Re: announcing apt-src
Just out of curiosity, how do you see this fitting in w/ kernel source
trees, make-kpkg, and the various kernel patch/modules/etc? I'm not a
big fan of make-kpkg; dh_kpatches, otoh, is quite convenient from a
packager's point of view, but not an end user's. From your description,
it sounds like apt-src should be able to manage kernel source trees
nicely, and w/ a few feature additions for kernel patches, modules, and
perhaps even some sort of debconf interface which calls hardware
detection packages to provide a list of hardware... ack, I'm getting
carried away. :)
On Tue, Jun 18, 2002 at 11:24:24PM -0400, Joey Hess wrote:
> apt-src is sort of like apt-get for source packages. Where apt-get
> source can just unpack, and optionally compile a source package, apt-src
> - install a source package into a specified location
> - upgrade installed source packages
> - while upgrading, bring forward any local modifications you've made to
> a source tree, automatically (unless patch fails, then manually)
> - while upgrading or installing a source package, build it, and
> maybe install all the debs produced, with one simple command
> - query the installed source packages, in human readable ways, and also
> machine readable ways that may be useful for sources that depend
> on some other source tree being available in a well-defined location
> The goals for this thing are:
> 0. Be very easy to learn for anyone who knows apt, warts and all. 90% done.
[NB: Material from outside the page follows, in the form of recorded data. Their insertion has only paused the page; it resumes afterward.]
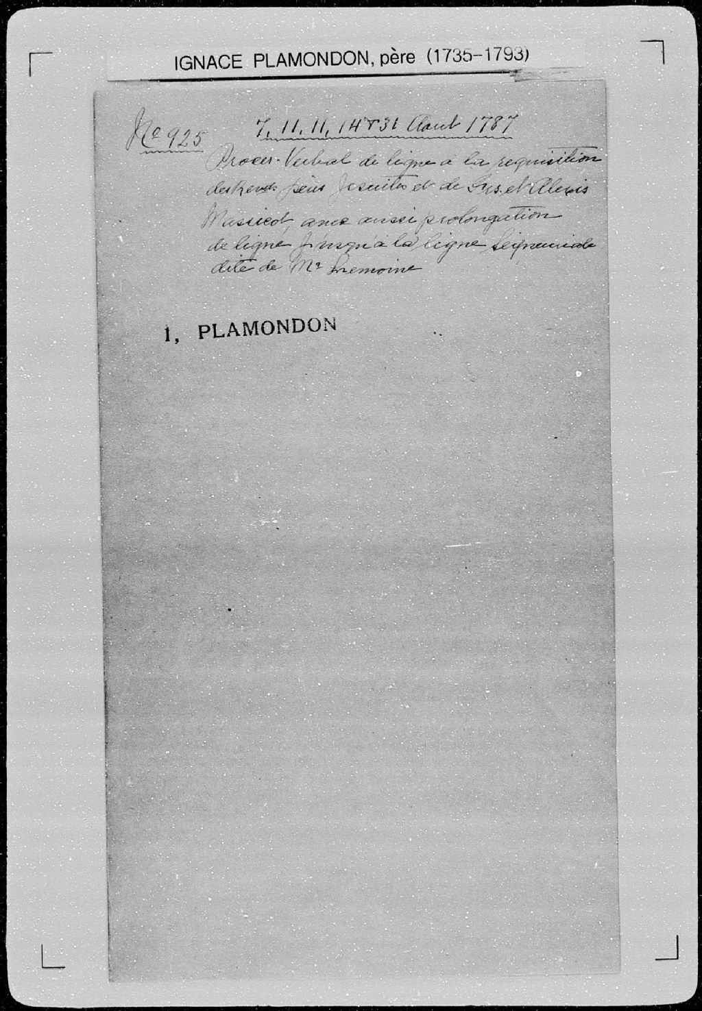 Procès-verbal de ligne et bornes séparant deux terres situées à l'est de la rivière Batiscan, dans la seigneurie de Batiscan. La présente pièce concerne directement: Joseph Lafontaine; François Gervais (arpenteur Ignace Plamondon père), 11 août 1787, Archives nationales à Québec, Fonds Cour supérieure. District judiciaire de Québec. Greffes d'arpenteurs, (03Q,CA301,S43,P925-3).
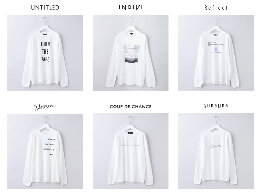 「アンタイトル」「インディヴィ」「リフレクト」「デッサン」「クード シャンス」「スーナウーナ」の6ブランドを横断させるこの企画は、フィールズインターナショナルが提案する商品を社会貢献に繋げたいという思いで、今年7月にスタートしました。第一弾の半袖Tシャツはワールド オンラインストアと各ブランドの店頭で発売し好評を得ており、今後もおよそ2ヵ月単位で対象アイテムを変えて展開します。
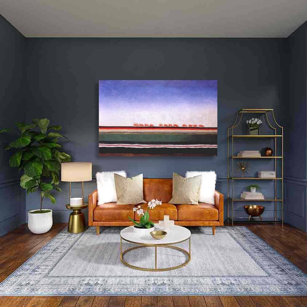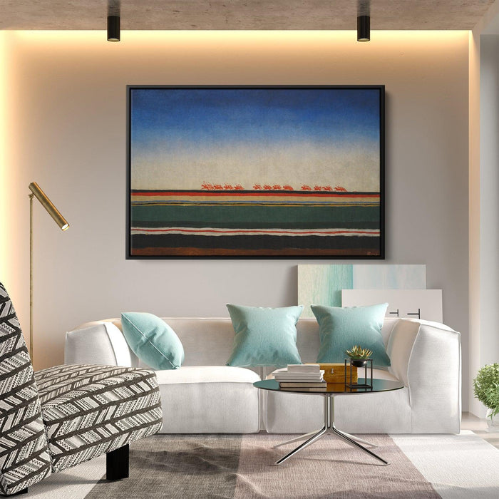 The work "Red Cavalry" by Kazimir Malevich, created in 1932, stands out as a formidable testimony of talent and unique vision of the pioneer of suprematism. Observing the painting, we are faced with a composition that, although less abstract than its famous supreme works such as "black square", still preserves a sense of simplification and geometrization that is emblematic of Malevich's style.

> 1. Be usable by a regular user, not just root. Done.
> 2. Make tracking that bloody pine package, and any other similar
> packages, easier. Done.
> 3. Make it trivial to make local modifications to a source tree, and
> keep them up-to-date accross upgrades. Done.
> 4. Rationalize and standardize debian's handling of source packages to the
> extent that we can get rid of all the nasty -src and -source binary
> packages eventually, and just use source packages.
> 5. Eventually support source dependencies of some kind.
Broad surveillance is a mark of bad security.